Equity release qualifications are a signal for future success

The last few years have been very successful for equity release. Annual lending in 2016 set a new milestone of £2 billion, which represents an increase of more than 100 per cent in just three years.

Related topics:  Retirement
Andrea Rozario
2nd February 2017
Andrea Rozario Bower Retirement
"Now we know that there is broad support for it from those who understand the market best, those within the adviser community, there is little reason for the FCA not to follow through"

What's more, the average amount customers released from their home was also up approximately a massive 30% according to our own figures and that of other adviser firms. However, despite all this good news, we are still regarded as a just small corner of the wider mortgage market – and understandably so. The £2 billion released last year is of course dwarfed by the value of the mainstream mortgage market, but there are signs that equity release could be making moves to become a bigger player.

To achieve what I think we can achieve in equity release we need to support everything that strengthens the market and adds credibility to what we do. I will always support new lenders, new products, new advisers, and anything else that adds to the progress we are all working for. Customers need choice and options, but they also need advisers with the skills and capability to explain these options thoroughly, so it is great to hear that there appears to be a clear appetite for a stand-alone qualification within equity release.

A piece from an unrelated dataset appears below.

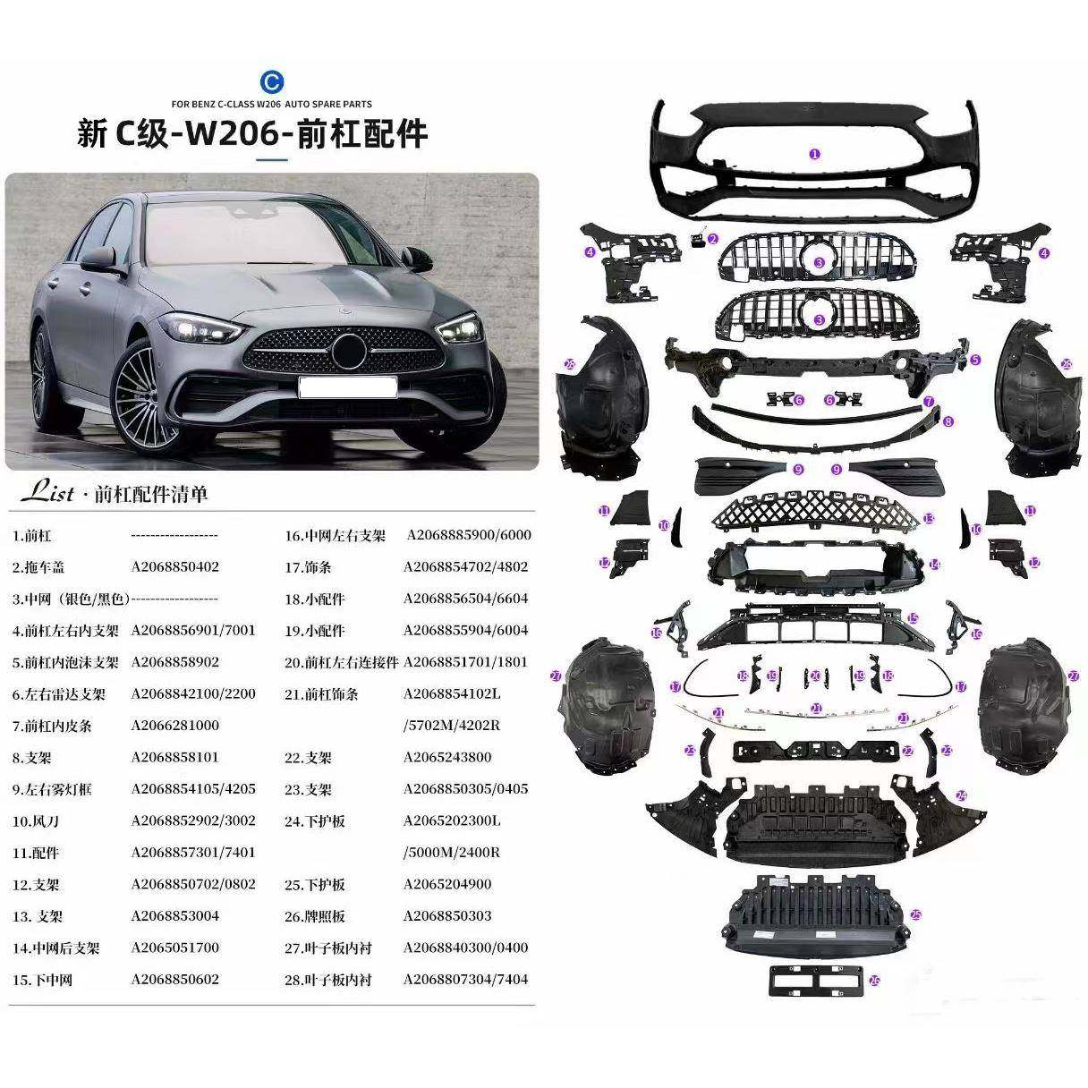 22款 C43C63排气四出 奔驰新C级W206尾唇尾喉前后总成包围AMG改装

The Society of Mortgage Professionals and the Personal Finance Society questioned 1,000 of its members and found that some 77 per cent supported a stand-alone qualification. Back in September of last year I was one of several industry commentators who responded positively to the FCA's announcement that they were considering creating this type of qualification, so it's great to see that there is broader support. At the moment, there is a risk that some advisers are only using equity release as a 'top-up' to their standard mortgage business, and we must remember that the styles of advice are very different between equity release and the mainstream mortgage.

There are many issues that have to be considered when advising on equity release that do not arise in the traditional mortgage arena. For example, the soft skills required in handling customers and their families questions and concerns; knowledge of the affect lifetime mortgages can have on entitlements to certain state benefits; balancing the emotional and financial outlook of clients; or the fact that advisers need to fully understand all the alternatives and present them to every customer are just a few reasons why equity release is different, and a stand-alone qualification that concentrates on equity release and all the other essential elements required in the advice process will enable advisers whom do not want to advise in mainstream mortgages the option to become qualified.

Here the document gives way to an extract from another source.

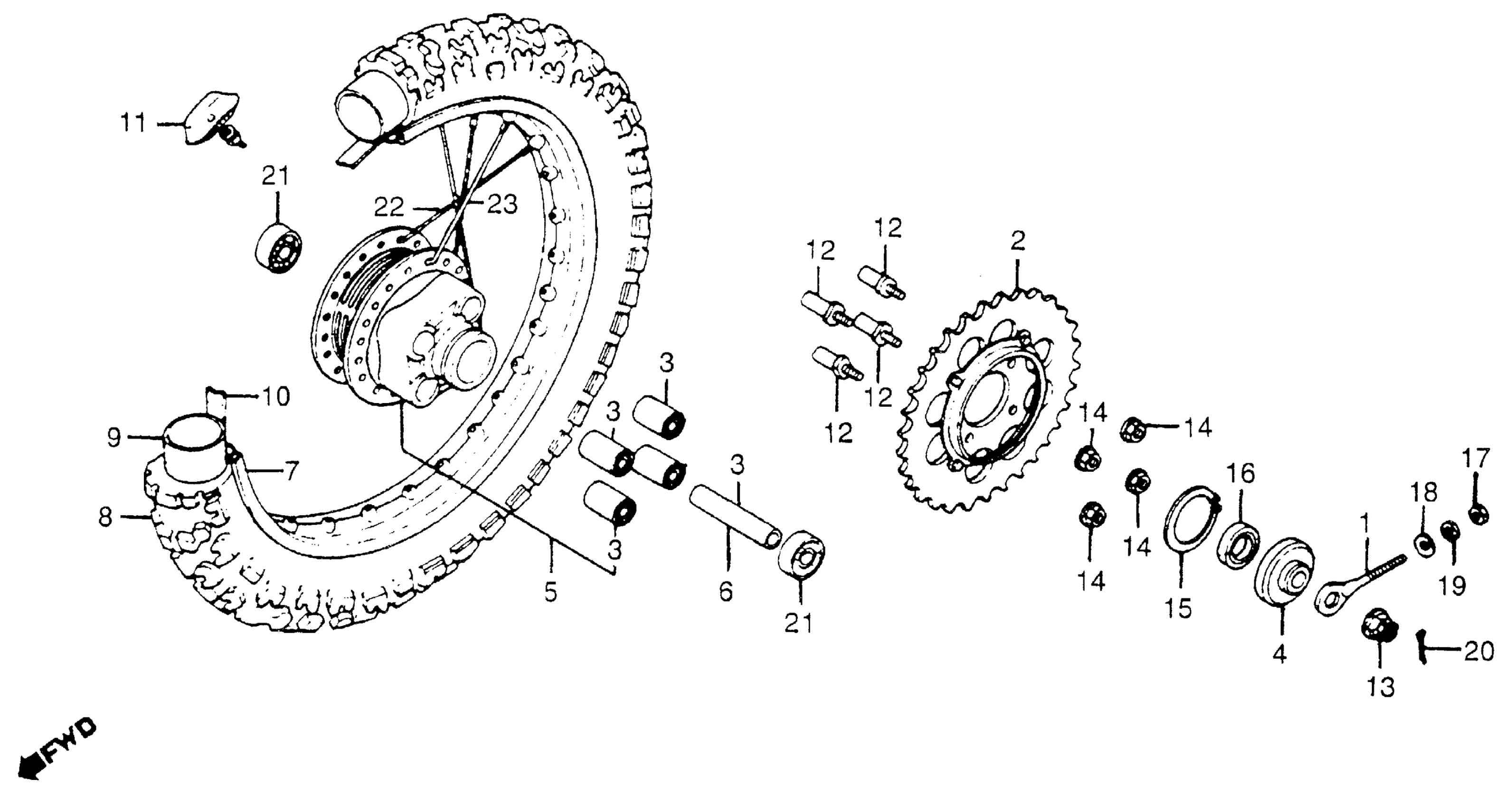 Honda XR185A (79) MOTORCYCLE, JPN, VIN# ME02-5000061 REAR WHEEL Diagram

But the reasons why we should support this qualification go beyond the differences in how advice is given. Now we know that there is broad support for it from those who understand the market best, those within the adviser community, there is little reason for the FCA not to follow through, especially when they are acutely aware of the need to support later life lending, as things like the interest only timebomb, which is set to go off over the coming years, are due to leave many homeowners staring at a retirement beset by financial difficulty. Creating this qualification would be a great signal to the whole market that the regulators are well aware that equity release has a role, and a significant role at that, to play in the task we are all faced with in helping people finance their retirement.

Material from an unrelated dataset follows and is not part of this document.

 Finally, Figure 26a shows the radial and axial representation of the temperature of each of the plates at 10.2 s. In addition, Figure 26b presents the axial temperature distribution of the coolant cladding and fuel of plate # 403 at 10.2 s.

Ultimately, this qualification is just another step in legitimising modern equity release. I believe it will be another step in leaving behind the issues of the past, and, one hopes, will help us all help more customers achieve the retirement they want and deserve. We have a long road ahead but I think £2 billion will seem pretty insignificant by 2020, and as the value of our market has doubled in just a handful of years, not to mention new heavy-hitting and well-known lenders having joined the market, I am confident we will see more advisers become qualified. Over to the FCA to set this in stone.